Presuming you have not interacted with TSny before, let me tell you he is a top class contributer on PF , surely one of the best I have seen .

So next time you write something on this forum , please show patience and decency .

Hope you will take this message in the right spirit .

Last edited:
Granger and haruspex
@TSny I want to apologize for my reaction on the other day. I was very stressed because I've been working for hours not figuring out how to solve the problem. Not that that can justify my rudeness. So my sincere apologies. I eventually figured out what yo meant with the hint that it was an adiabatic process (Q=0). I was not figuring out the expression for U in the case of an ideal monoatomic gas so I wasn't able to relate it with the work expression.

Last edited:
Chestermiller
Granger said:
@Tsnys I want to apologize for my reaction on the other day. I was very stressed because I've been working for hours not figuring out how to solve the problem. Not that that can justify my rudeness. So my sincere apologies. I eventually figured out what yo meant with the hint that it was an adiabatic process (Q=0). I was not figuring out the expression for U in the case of an ideal monoatomic gas so I wasn't able to relate it with the work expression.
@TSny

haruspex said:
No problem. Apology accepted. After posting my first reply, I was distracted by some personal matters. So I was not able to keep up my end of the conversation.Sorry for that. Glad you were able to solve the exercise.

Granger

## 1. What is the definition of volume ratio in an adiabatic gas expansion?

The volume ratio in an adiabatic gas expansion refers to the change in volume of a gas as it expands adiabatically, meaning without any heat exchange with the surroundings. It is typically represented by the symbol "V".

## 2. How is volume ratio related to temperature and pressure in an adiabatic gas expansion?

According to the ideal gas law, the volume of a gas is inversely proportional to its pressure, and directly proportional to its temperature. In an adiabatic gas expansion, the temperature of the gas decreases as it expands, causing the volume to increase. This results in a decrease in pressure, maintaining the inverse relationship between volume and pressure.

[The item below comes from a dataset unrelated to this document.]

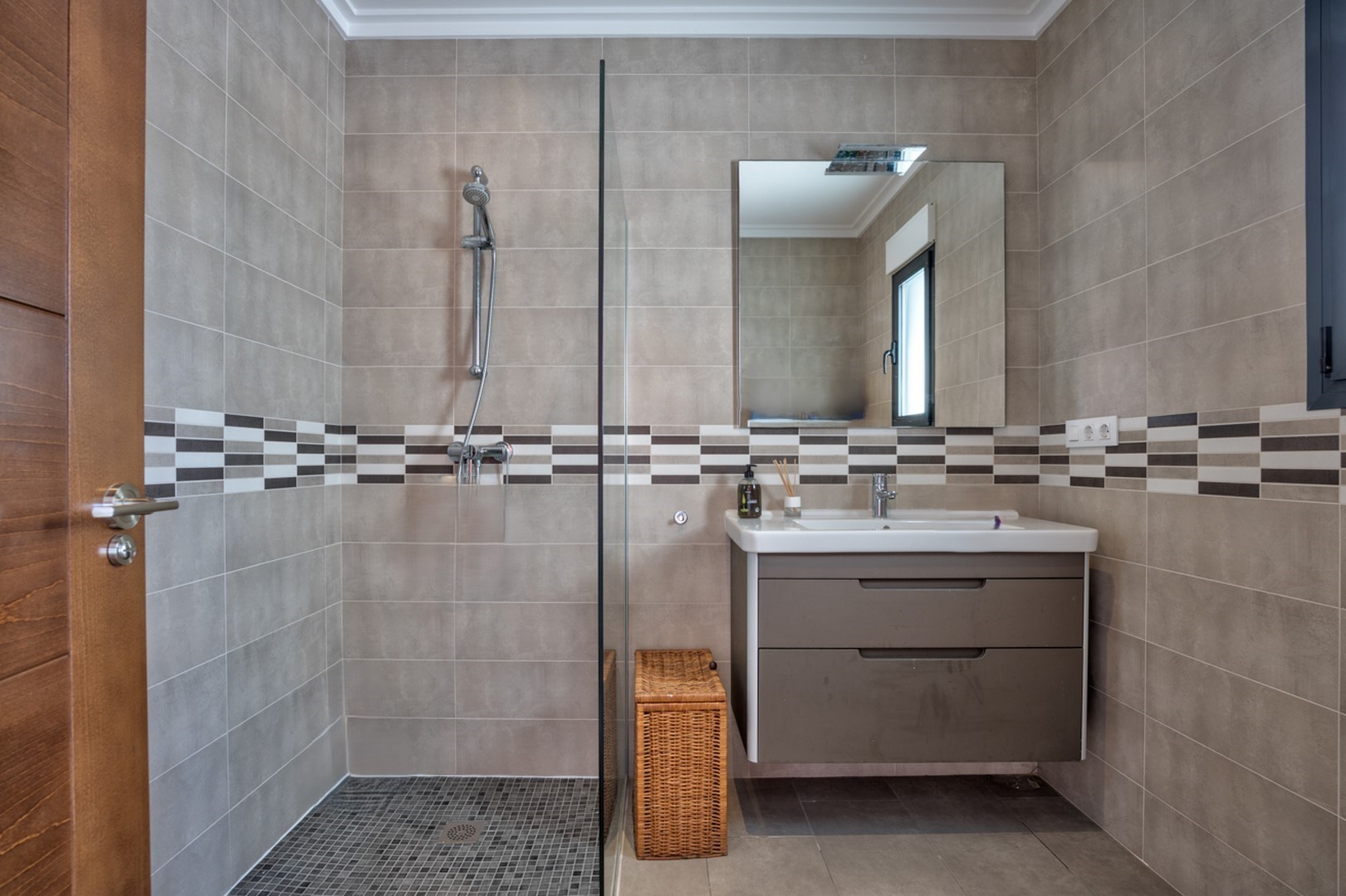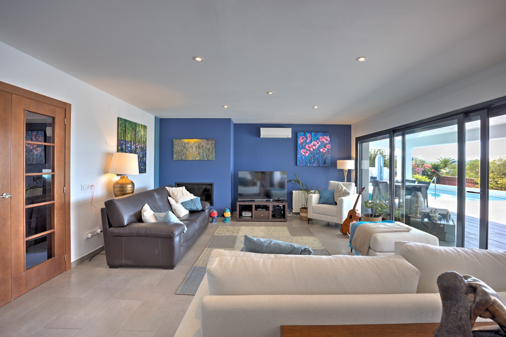 The villa boasts two master bedrooms. The ground-floor master suite features a large dressing area, an ensuite bathroom with a walk-in shower, and sliding glass doors leading to the pool terrace, allowing for seamless indoor-outdoor flow. An additional glazed doorway leads to a home office, which can easily be converted into a fourth bedroom.

## 3. What is the formula for calculating volume ratio in an adiabatic gas expansion?

The formula for volume ratio in an adiabatic gas expansion is V2/V1 = (T2/T1)^γ, where V2 and V1 are the final and initial volumes, T2 and T1 are the final and initial temperatures, and γ is the adiabatic index or ratio of specific heats for the gas being expanded.

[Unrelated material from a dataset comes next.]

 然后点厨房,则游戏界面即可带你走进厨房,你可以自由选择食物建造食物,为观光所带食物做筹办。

## 4. How does the adiabatic index or ratio of specific heats affect the volume ratio in an adiabatic gas expansion?

The adiabatic index or ratio of specific heats, denoted as γ, is a characteristic of a gas that determines its behavior during adiabatic processes. A gas with a higher value of γ will experience a larger change in temperature and pressure during an adiabatic expansion, resulting in a larger volume ratio.

## 5. Can the volume ratio in an adiabatic gas expansion ever be greater than 1?

Yes, the volume ratio in an adiabatic gas expansion can be greater than 1. This occurs when the initial temperature and pressure of the gas are high enough that the final temperature and pressure after expansion are still greater than atmospheric conditions. This is known as a superadiabatic expansion.